# JWT Turbo ECU Question



## zeno (Sep 17, 2002)

What would happen if I put in a JWT ECU w/ the turbo program in my NA car? Would the only effect be that it would run rich? Would I still get the added hp, rev. limit increase, etc. that a normal JWT ECU would provide? I'm just curious because I'm slowly going turbo and found a pretty good deal on a used JWT turbo ECU.


----------



## James (Apr 29, 2002)

yeah you'd just run rich all the time if you use the 370cc injectors/ECU combo with your NA engine.


----------



## zeno (Sep 17, 2002)

I read on the sr20deforums that I would have to upgrade the injectors to match the ECU program (in this case, 370cc instead of the stock) or it would run to lean and probably damage the engine.
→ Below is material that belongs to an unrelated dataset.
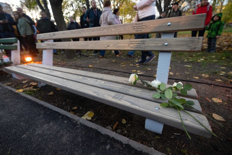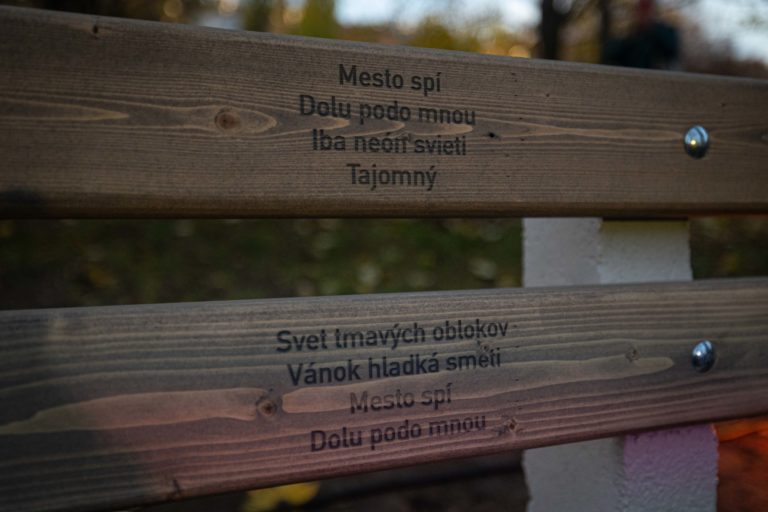 Detaily na odhalenej lavičke zosnulého slovenského speváka a hudobníka Miroslava Žbirku alias Mekyho v parku na Račianskom mýte v Bratislave. Bratislava, 11. november 2022. Foto: SITA/Jana Birošová

Does this sound accurate?

Also, would I still get all the benefits of the JWT ECU?


----------



## James (Apr 29, 2002)

if you don't use the 370 cc injectors the time the injectors open will be shorter so yes you will run lean. if you use the 370 cc injectors you will run rich. the only real benefit I can see from using the ecu NA is raising the rev limiter but I don't see how that would really help when everything below is running like crap!


----------



## javierb14 (Jul 9, 2002)

http://www.nissanforums.com/showthread.php?threadid=25561


----------



## SE-RtinMI (Nov 3, 2002)

James said:


> * I don't see how that would really help when everything below is running like crap! *


Have you run your car like this? SOunds like you have..... Well I have and my car ran Very strong. I had 390cc [email protected]/Bored MAF program and ran it NA. Ran very well, not rich either. I also ran the C2 program w/o the cams in for 1/2 a year and that was great as well


----------



## PatScottAKA99XE (Apr 30, 2002)

It should run fine, turbo cars are not always making boost. Remember that.


----------



## James (Apr 29, 2002)

SE-RtinMI said:


> *Have you run your car like this? SOunds like you have..... Well I have and my car ran Very strong. I had 390cc [email protected]/Bored MAF program and ran it NA. Ran very well, not rich either. I also ran the C2 program w/o the cams in for 1/2 a year and that was great as well  *


Well whenever the couplers pop off the car is basically running NA with 370cc injectors and JWT ecu... it runs like crap and stalls out all the time!


----------



## PatScottAKA99XE (Apr 30, 2002)

Thats alot different than running NA.


----------



## UnderDog (Jul 14, 2002)

http://www.nissanforums.com/showthread.php?s=&threadid=25561

javierb14 said he ran the turbo program while n/a and it worked fine.


----------



## James (Apr 29, 2002)

guess if the ecu ran for a while NA it might run better... dunno... every time I run it like that I get a whole lotta black crap on my tail pipe...


----------



## PatScottAKA99XE (Apr 30, 2002)

The question is James, When you say you run it NA what do you mean? Having couplers popped off isnt close to being NA. Have you run the ECU with no turbo related hardware on the car other than the ECU?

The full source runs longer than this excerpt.